State borrowings from banking sector at Rs.110bn in September

12 November 2021 10:06 am Views - 139

The Central Bank and the commercial banks gave the government Rs.110 billion in September on a net basis, little lower than what the government borrowed a month ago as the debate is raging if the liquidity injections by the Central Bank to the government should be reined in to tackle the igniting inflation pressures and the current shortage of foreign exchange in the domestic market which contributed to the shortages of key commodities and other hardships to the people and firms. 


September however marked the third consecutive month the quantum of net credit to the government came down as such credit was recorded at Rs.168.7 billion in August from Rs.318.8 billion in July when the Central Bank had to print money to settle a billion dollar sovereign bond. 


While the government borrowings come from both Central Bank liquidity and licensed commercial banks, all such credit in September came from the Central Bank by way of increasing the holdings of government securities, which is also referred to as the printed money. 


For instance, the Rs.110.1 billion in net credit was formed through Rs.296.5 billion in credit provided by, in what was referred to as the monetary authorities which includes the Central Bank credit, as the credit from the licensed commercial banks recorded a de-growth of Rs.186.4 billion in September.

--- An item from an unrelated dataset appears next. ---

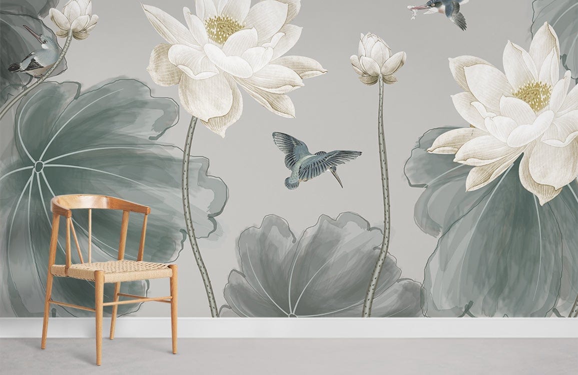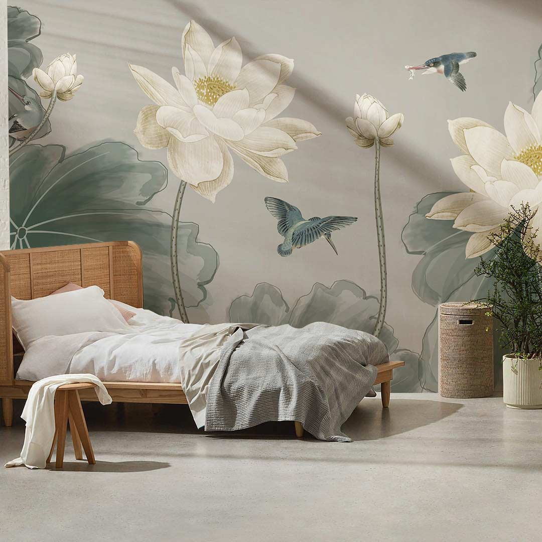 Give your space a new lively theme by our new White lotus Mural wallpaper with the flying birds all over it. The dynamic movement of the birds in the wallpaper gives it life in addition to the simplicity of the colours in the wallpaper. The shades of grey and white make it so simple and chic that can match anything. So, unleash your imagination and feel the freedom and simplicity by one of the newest modern designs. Don’t miss this simplicity at your place and don’t forget to complete the look with light decorations to shown the beauty of your choice. Use it at your bedroom and add white chiffon curtains for more flowy and freely movement style. Or add it to your reception or hall and feel the freedom whenever you move around at your place.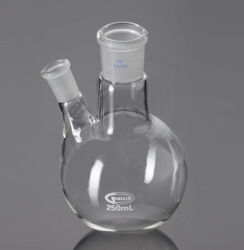 Двугорлые колбы Glassco изготовлены из высококачественного боросиликатного стекла и являются незаменимыми помощниками в химической лаборатории. Колбы являются многофункциональной платформой для проведения сложных химических реакций, в химических и физических экспериментах для смешивания реактивов, проведения реакций или дистилляции.

While the Central Banks around the world unleashed unprecedented monetary policy support maintaining ultra low interest rates and sloshing markets with trillions of dollars worth liquidity to blunt the impact of the pandemic on the economies , a strong consensus is now building up around the world including in Sri Lanka that such policy support is reaching its limits as it created enormous excess by way of soaring prices, which are reaching multiple decades high in certain places.  


The United States on Wednesday reported its consumer price inflation at 6.2 percent for October, the highest in three decades, which sent waves across global bond and stock markets as people demanded higher yields seeking protection against the fast losing value of money. The preferred range of consumer price inflation in the US is at 2.0 percent. 


Higher consumer prices which are expected to last longer than being transitory are also expected to quicken the US Fed’s pace of tapering its bond buying programme and raise rates earlier than anticipated by the Fed officials as they announced last week the starting of winding down their bond buying programme by Rs.15 billion a month from this month but fell short of providing a time line as to when the interest rates would be raised. 


In Sri Lanka, the Monetary Board is meeting next Wednesday for the eleventh time to decide on the trajectory of its key rates and the broader monetary policy after staying pat in October. 

Meanwhile, the public corporations settled part of their loans during September as the outstanding credit to them by the banking sector came down by Rs.13.8 billion, after declining Rs.4.0 billion in August. 


Total outstanding credit to public corporations by the end of September stood at Rs.650.7 billion.  Due to the combined effects of the significant slowdown seen in the private sector credit in September, credit to the state sector and the decline in outstanding credit to public corporations helped ease the growth in the money supply measured through broad money or M2b to 18.2 percent from 21.0 percent in August, ending a month-long growth of over 20 percent in money supply in the economy.